England, Wales and Scotland operate the same statutory maternity scheme, so the Employment Rights Act 1996 and the Statutory Maternity Pay (General) Regulations 1986 apply identically across Great Britain, and a single version of this form works for all three. The practical differences that do arise are about process rather than entitlement. Scottish employers, for instance, often sit within different occupational or public-sector enhanced schemes, and where an enhanced contractual maternity package applies the form should record both the statutory baseline and the contractual top-up so the two are never conflated.

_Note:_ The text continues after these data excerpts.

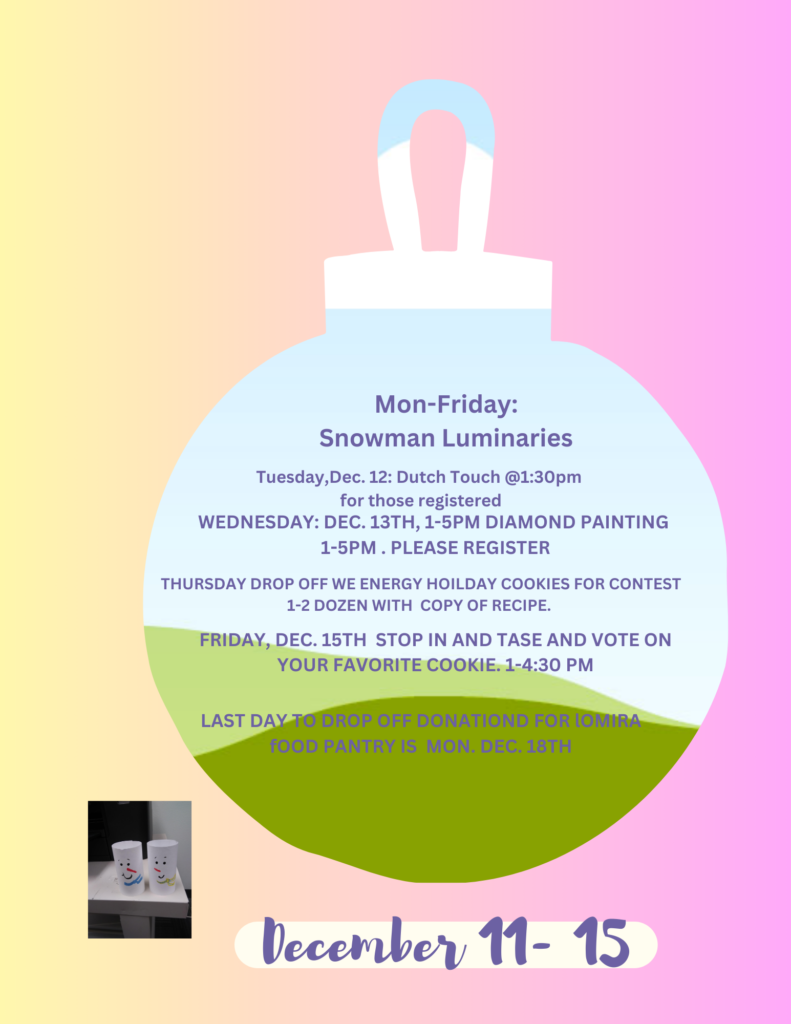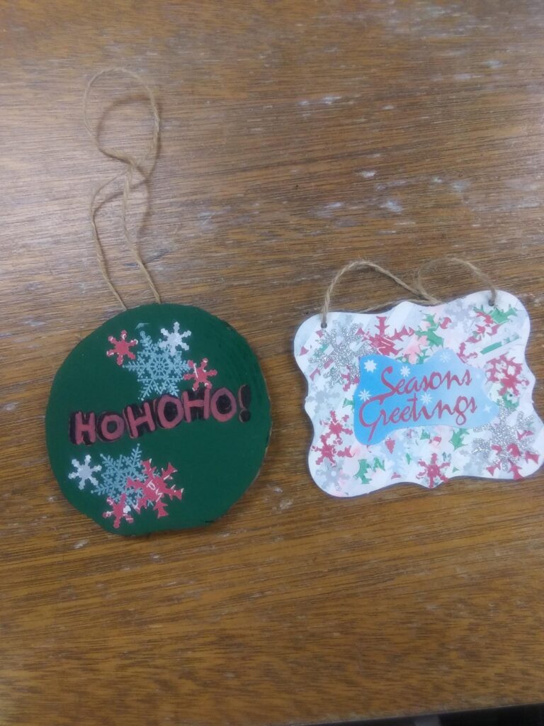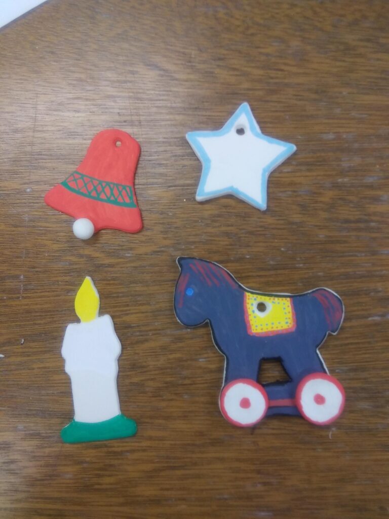 We will have supplies out for you to create a wooden Ornament. We will also have Soft air dry clay out and cookies cutters out to create ornaments for all.
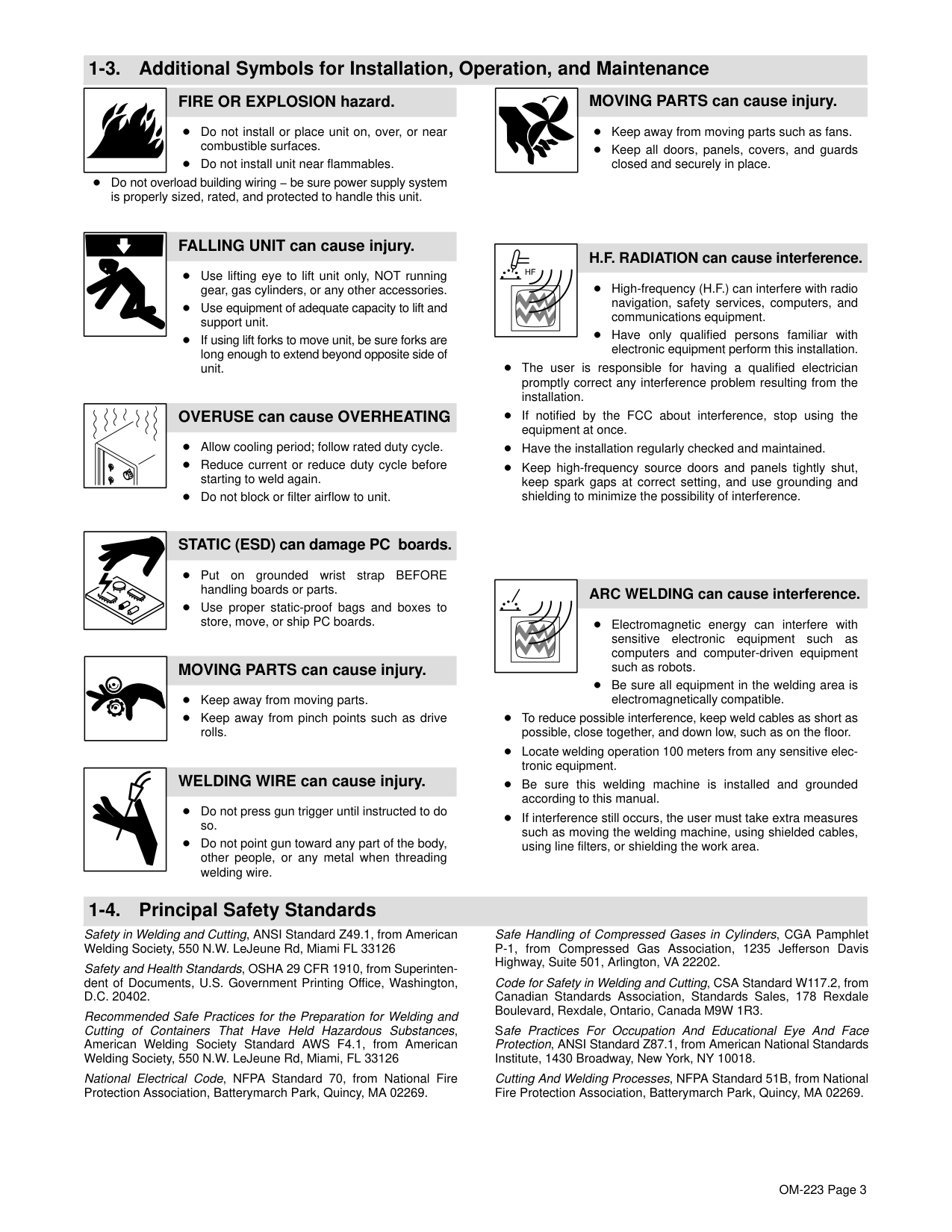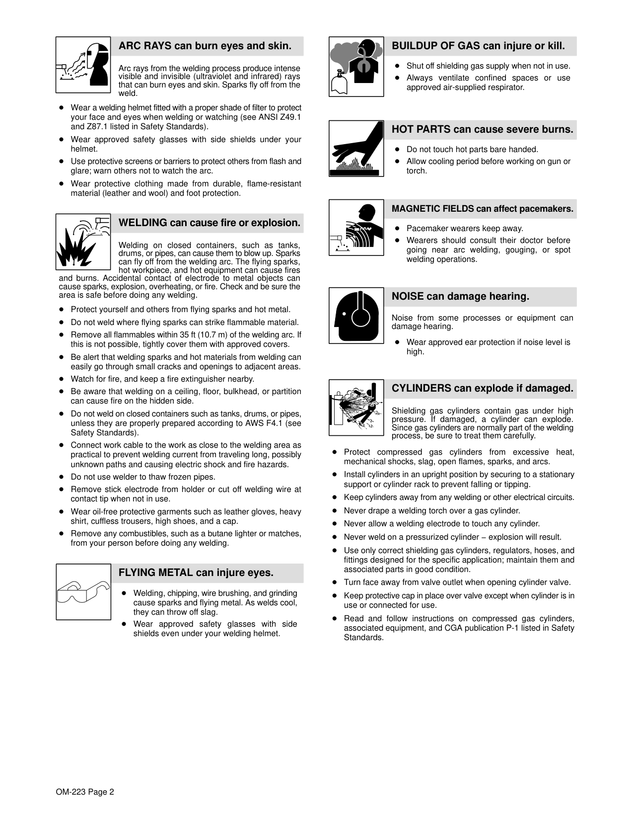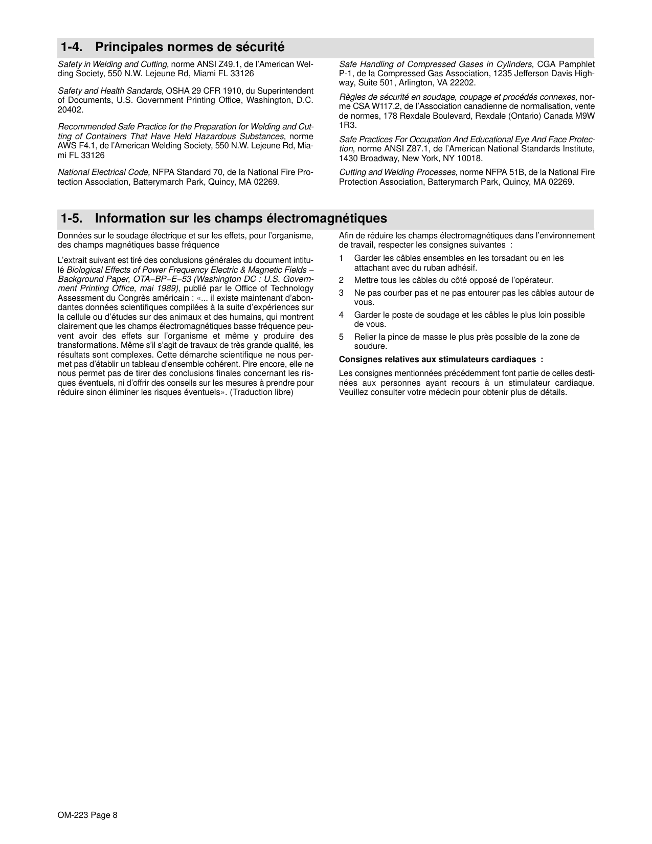 Recommended Safe Practices for the Preparation for Welding and Cutting of Containers That Have Held Hazardous Substances, American Welding Society Standard AWS F4.1, from American Welding Society, 550 N.W. LeJeune Rd, Miami, FL 33126 National Electrical Code, NFPA Standard 70, from National Fire Protection Association, Batterymarch Park, Quincy, MA 02269. Safe Handling of Compressed Gases in Cylinders, CGA Pamphlet P-1, from Compressed Gas Association, 1235 Jefferson Davis Highway, Suite 501, Arlington, VA 22202. Code for Safety in Welding and Cutting, CSA Standard W117.2, from Canadian Standards Association, Standards Sales, 178 Rexdale Boulevard, Rexdale, Ontario, Canada M9W 1R3. Safe Practices For Occupation And Educational Eye And Face Protection, ANSI Standard Z87.1, from American National Standards Institute, 1430 Broadway, New York, NY 10018. Cutting And Welding Processes, NFPA Standard 51B, from National Fire Protection Association, Batterymarch Park, Quincy, MA 02269.OM-223 Page 4 1-5. EMF Information Considerations About Welding And The Effects Of Low Frequency Electric And Magnetic Fields Welding current, as it flows through welding cables, will cause electro- magnetic fields. There has been and still is some concern about such fields. However, after examining more than 500 studies spanning 17 years of research, a special blue ribbon committee of the National Research Council concluded that: “The body of evidence, in the committee’s judgment, has not demonstrated that exposure to power- frequency electric and magnetic fields is a human-health hazard.” However, studies are still going forth and evidence continues to be examined. Until the final conclusions of the research are reached, you may wish to minimize your exposure to electromagnetic fields when welding or cutting. To reduce magnetic fields in the workplace, use the following procedures:
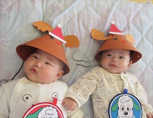 今回の製作は、【 トナカイの三角帽子 】です。 角とミニサンタ帽子を両面テープを剥がして貼ったら、 目と赤い鼻のシールを貼って、完成~★★★ とっても可愛らしいトナカイの帽子を被って、ハイ ポーズ📸 |
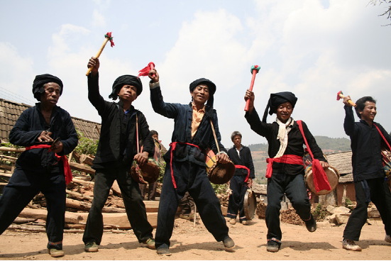 蜂桶鼓舞是布朗族的群眾性舞蹈,分為三步和五步兩種。演出時(shí),由兩名年輕男女雙手各持一條“帕節(jié)”(即毛巾)在前面跳“帕節(jié)舞”引導(dǎo),舞蹈動(dòng)作主要是甩手巾。其后是蜂桶鼓隊(duì),一般為4—6只,后緊隨2只象腳鼓,之后是6人敲打的大、中、小芒和镲,最后是跟著跳舞的人們和助興的老幼。蜂桶鼓舞的節(jié)奏明快熱烈,幾種打擊樂(lè)器相配合,“嘣咚、嘣咚……嘭嚓、嘭嚓……鏘切、鏘切……”,高、中、低音融為一體,獨(dú)具情趣。動(dòng)作大方、瀟灑、粗獷、活潑;舞姿輕盈、柔和、細(xì)膩。大南直布朗蜂桶鼓隊(duì)多次被邀赴省城和省外演出,向人們展示了本民族獨(dú)特的文化藝術(shù)風(fēng)采。
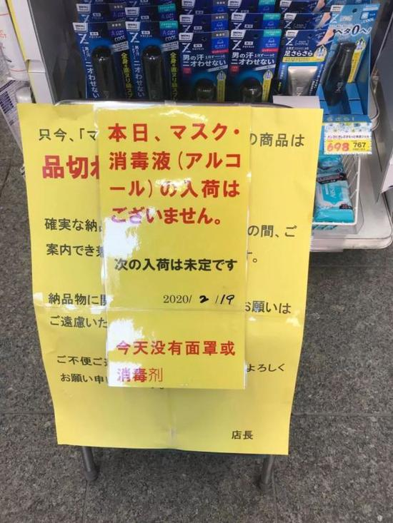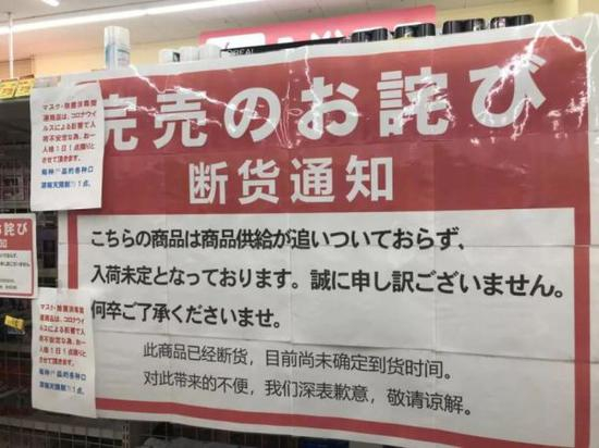 原因呢,是他们压根买不到口罩。各大商场和连锁便利店的口罩柜台都张贴着一张纸“入荷未定”,也就是不知道什么时候才能进货。
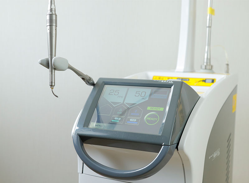エルビウムヤグレーザーは、歯を削ることを唯一認可されたレーザー治療器です。むし歯の感染部分だけを取り除くことができるため、健康な歯を多く残せるのが特徴です。
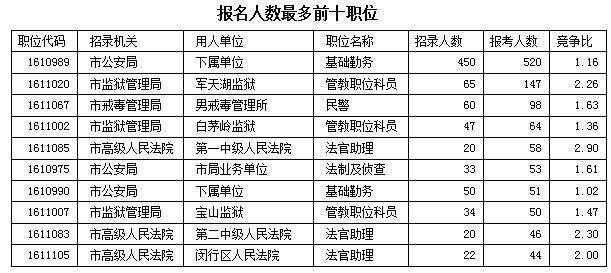 截至16日17時,實(shí)際申報(bào)人數(shù)最多的職位仍為市公安局下屬單位的基礎(chǔ)勤務(wù)一職,此職位招錄450人,目前實(shí)際申報(bào)人數(shù)為520人,與昨天同時沒有變化,目前此職位尚未達(dá)到1:3的面試比例,中公網(wǎng)校專家建議符合條件的考生不要被520的數(shù)字嚇到,還可以大膽放心地報(bào)。

Northern Ireland is the one place to pause. Maternity rights there flow from parallel but separately enacted legislation, principally the Employment Rights (Northern Ireland) Order 1996 and the corresponding SMP rules, administered through nidirect rather than the GB GOV.UK route. The substantive entitlements (52 weeks of leave, the 15th-week qualifying notice, the MATB1 proof requirement) mirror the GB position closely, so the form's structure transfers without difficulty, but an employer with staff on both sides of the Irish Sea should cite the Northern Ireland Order in the NI version rather than assume the Great Britain statute governs. If your workforce spans multiple jurisdictions, anchoring each contract correctly from the outset matters, which is why the UK full-time contract of employment template under Section 1 ERA 1996 is worth pairing with the leave form. Recording the governing jurisdiction on the face of the document removes any later argument about which set of rules the dates were tested against.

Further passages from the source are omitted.